Project Gutenberg
A portrait of literary history through 79,491 digitized works
The Project Gutenberg collection contains 79,491 works by 25,942 authors, written in 119 languages and spanning subjects from ancient philosophy to pulp science fiction. This analysis traces the contours of this remarkable archive.
The Shape of Literary Production
The archive reveals a striking pattern: authors born in the 1860s dominate the collection, contributing 9,430 works—more than any other decade. This peak reflects the intersection of Victorian-era productivity, the public domain threshold, and Gutenberg's digitization priorities.
The Dominance of English
English accounts for 76% of all works—an overwhelming majority that reflects both the project's American origins and the global reach of English-language publishing. Yet beneath this dominance lies unexpected variety.
| English | 60,693 |
| French | 3,973 |
| Finnish | 3,313 |
| German | 2,324 |
| Italian | 1,056 |
| Dutch | 1,046 |
| Spanish | 885 |
| Portuguese | 647 |
Finnish ranks third—a striking overrepresentation for a language spoken by 5 million people, explained by Finland's active digitization community and the richness of its 19th-century literary tradition.
Fiction and Non-Fiction by Language
Languages differ markedly in their fiction-to-nonfiction ratios. Finnish and Hungarian collections are predominantly fiction (61% and 60% respectively), while Portuguese leans heavily toward non-fiction (only 22% fiction).
The Emergence of Genres
Genres can be dated by the average birth year of their authors. Historical fiction (avg. author born 1833) represents the oldest tradition; science fiction (1906) is distinctly modern, its authors born nearly 75 years later.

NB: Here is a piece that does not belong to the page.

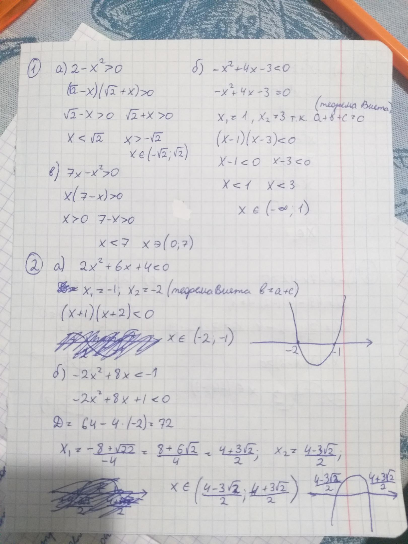 а) 2х2 + 6х + 4 < 0; б) - 2х2 + 8х < - 1;

The Science Fiction Explosion
Science fiction's growth is dramatic. Authors born in the 1910s contributed 816 works—up from just 30 by those born in the 1850s. The genre essentially crystallized in the early 20th century.
Literary Productivity
Shakespeare leads in absolute output (334 works), but measuring works per year of life reveals different patterns of productivity. Jack London, dead at 40, produced 2.85 works per year—among the highest sustained outputs of any major author.

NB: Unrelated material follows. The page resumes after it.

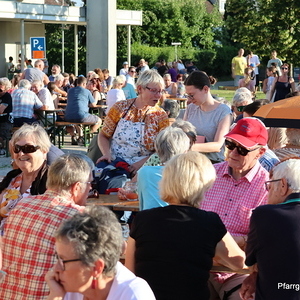 Am Samstag, dem 28. Juni, wurde unser alljährliches Pfarrgemeindefest gefeiert. Der Festgottesdienst begann um 16.00 Uhr, gefolgt von der offiziellen Eröffnung des Festes durch Herrn Pfarrer Franz Asen um 17.00 Uhr. Bei herrlichem Sonnenschein konnten sich die Besucher mit gegrillter Wurst, Leberkäse von der Firma Schnabler oder Gemüsespießen stärken und sich mit gekühlten Getränken erfrischen. Das umfangreiche Kuchenbuffet mit einer Tasse Kaffee rundete den Nachmittag perfekt ab.

| Author | Works | Life | Per year |
|---|---|---|---|
| Shakespeare | 334 | 1564–1616 | 6.42 |
| Dickens | 197 | 1812–1870 | 3.40 |
| Twain | 251 | 1835–1910 | 3.35 |
| Bulwer-Lytton | 226 | 1803–1873 | 3.23 |
| Balzac | 159 | 1799–1850 | 3.12 |
| Ebers | 177 | 1837–1898 | 2.90 |
| London | 114 | 1876–1916 | 2.85 |
| Stevenson | 114 | 1850–1894 | 2.59 |
| Dumas | 165 | 1802–1870 | 2.43 |
| Verne | 177 | 1828–1905 | 2.30 |
Brief Lives, Lasting Words
Some of literature's most enduring voices were silenced early. Wilhelm Hauff died at 25, yet left 26 works. Stephen Crane lived 29 years; Shelley and Robert E. Howard just 30. Byron produced 32 works before drowning at 36.
Author Longevity Over Time
Authors' lifespans have increased steadily. Writers born in the 1500s lived a median of 63 years; by the 1900s, this had risen to 77. The modal lifespan cluster is 70–79 years (5,228 authors), with surprisingly many reaching their 90s.
The Library of Congress View
Using Library of Congress classification codes, American literature (PS) narrowly leads English literature (PR). Juvenile fiction (PZ) claims third place—a reminder that children's literature was a massive Victorian industry.
What They Wrote About
Science fiction leads all subject headings with 3,208 works—a testament to Gutenberg's pulp-era acquisitions. Short stories, adventure, and detective fiction follow. The archive is, above all, a treasury of popular fiction.
This analysis draws on four linked datasets: metadata for 79,491 works, biographical records for 26,077 authors, 76,205 language assignments, and 255,312 subject classifications. The data reflects not just literary history but the history of digitization itself—what we chose to preserve, and when.
Data: TidyTuesday 2025-06-03 / Project Gutenberg